** ASSIGNMENT **
Print them exactly: the lines from the beginning of the entries below through the line that contains "大和の家Ⅰは現在、外壁が施工", and only those, with the pictures left out.

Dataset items
--------
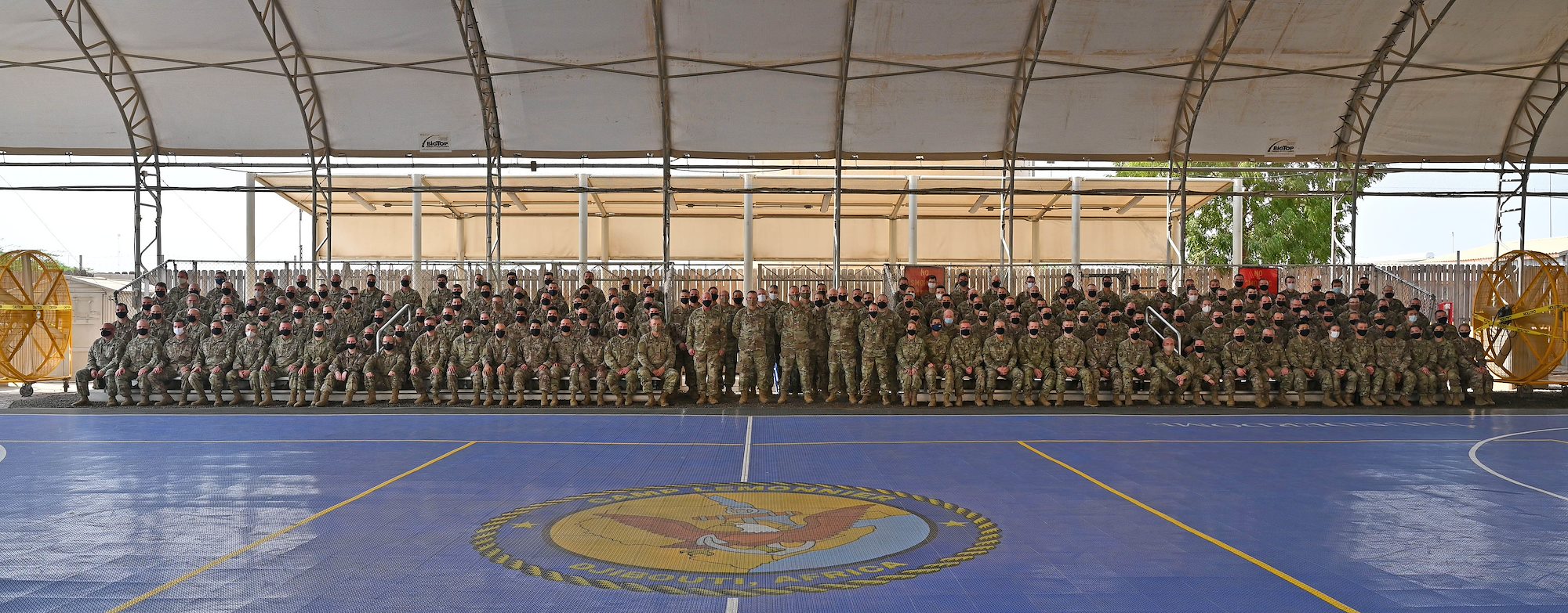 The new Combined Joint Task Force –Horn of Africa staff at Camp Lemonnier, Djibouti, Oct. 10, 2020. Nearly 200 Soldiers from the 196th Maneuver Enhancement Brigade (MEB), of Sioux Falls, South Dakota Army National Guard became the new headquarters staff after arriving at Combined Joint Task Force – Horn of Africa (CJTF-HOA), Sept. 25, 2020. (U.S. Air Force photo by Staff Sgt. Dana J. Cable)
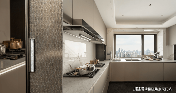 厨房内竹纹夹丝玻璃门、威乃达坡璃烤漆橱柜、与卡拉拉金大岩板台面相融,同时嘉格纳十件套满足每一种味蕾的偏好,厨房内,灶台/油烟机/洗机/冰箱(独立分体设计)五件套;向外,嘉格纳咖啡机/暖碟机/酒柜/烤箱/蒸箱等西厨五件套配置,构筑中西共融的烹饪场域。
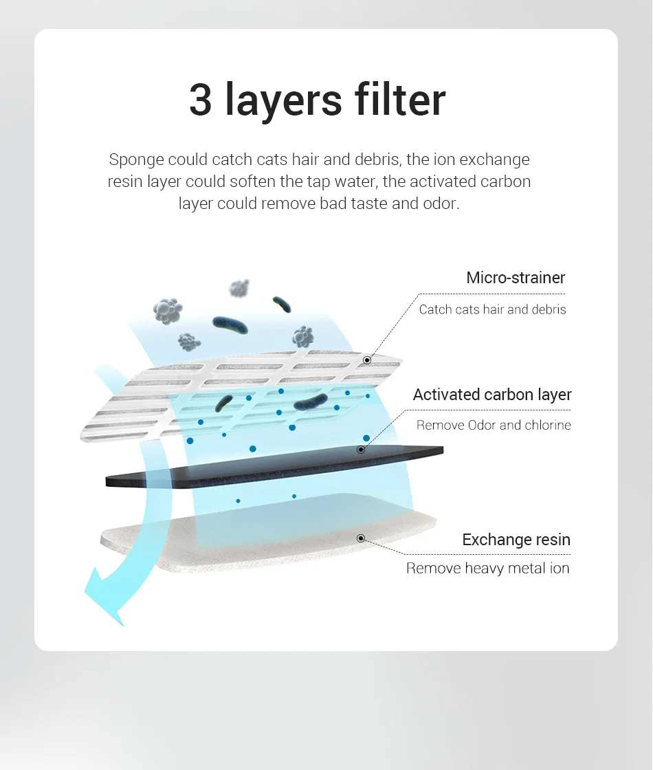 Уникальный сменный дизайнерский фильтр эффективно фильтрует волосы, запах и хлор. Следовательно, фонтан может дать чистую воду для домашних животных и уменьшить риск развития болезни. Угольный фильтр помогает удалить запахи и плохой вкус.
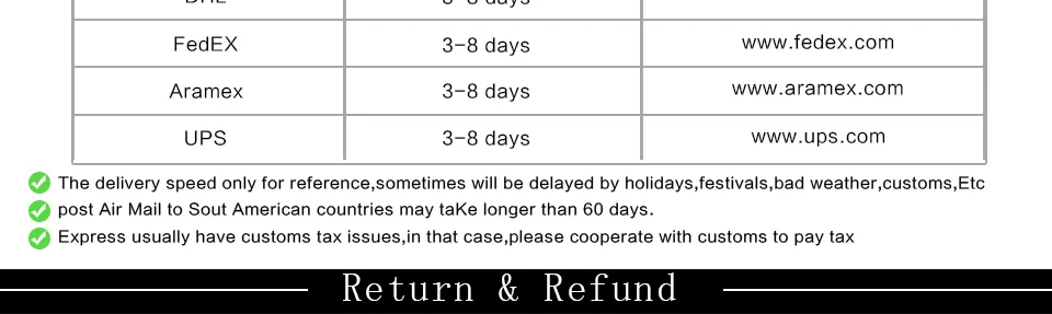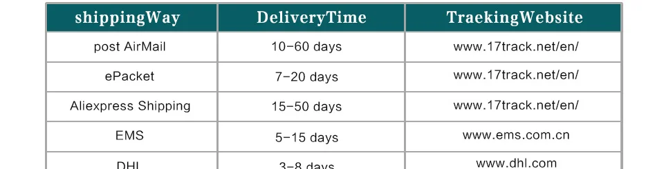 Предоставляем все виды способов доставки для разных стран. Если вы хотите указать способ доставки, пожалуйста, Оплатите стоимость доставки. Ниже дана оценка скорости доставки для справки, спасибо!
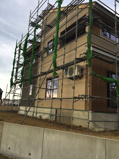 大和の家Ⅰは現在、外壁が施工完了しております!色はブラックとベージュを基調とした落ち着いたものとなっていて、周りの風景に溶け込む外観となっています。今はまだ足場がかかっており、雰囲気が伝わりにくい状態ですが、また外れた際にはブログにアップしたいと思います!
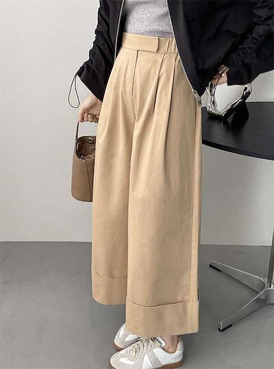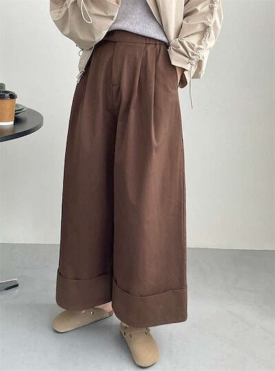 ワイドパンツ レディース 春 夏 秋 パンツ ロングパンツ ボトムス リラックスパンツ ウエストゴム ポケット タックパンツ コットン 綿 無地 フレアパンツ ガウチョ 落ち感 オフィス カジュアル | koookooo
--------
** RESPONSE AREA **
 The new Combined Joint Task Force –Horn of Africa staff at Camp Lemonnier, Djibouti, Oct. 10, 2020. Nearly 200 Soldiers from the 196th Maneuver Enhancement Brigade (MEB), of Sioux Falls, South Dakota Army National Guard became the new headquarters staff after arriving at Combined Joint Task Force – Horn of Africa (CJTF-HOA), Sept. 25, 2020. (U.S. Air Force photo by Staff Sgt. Dana J. Cable)
 厨房内竹纹夹丝玻璃门、威乃达坡璃烤漆橱柜、与卡拉拉金大岩板台面相融,同时嘉格纳十件套满足每一种味蕾的偏好,厨房内,灶台/油烟机/洗机/冰箱(独立分体设计)五件套;向外,嘉格纳咖啡机/暖碟机/酒柜/烤箱/蒸箱等西厨五件套配置,构筑中西共融的烹饪场域。
 Уникальный сменный дизайнерский фильтр эффективно фильтрует волосы, запах и хлор. Следовательно, фонтан может дать чистую воду для домашних животных и уменьшить риск развития болезни. Угольный фильтр помогает удалить запахи и плохой вкус.
 Предоставляем все виды способов доставки для разных стран. Если вы хотите указать способ доставки, пожалуйста, Оплатите стоимость доставки. Ниже дана оценка скорости доставки для справки, спасибо!
 大和の家Ⅰは現在、外壁が施工完了しております!色はブラックとベージュを基調とした落ち着いたものとなっていて、周りの風景に溶け込む外観となっています。今はまだ足場がかかっており、雰囲気が伝わりにくい状態ですが、また外れた際にはブログにアップしたいと思います!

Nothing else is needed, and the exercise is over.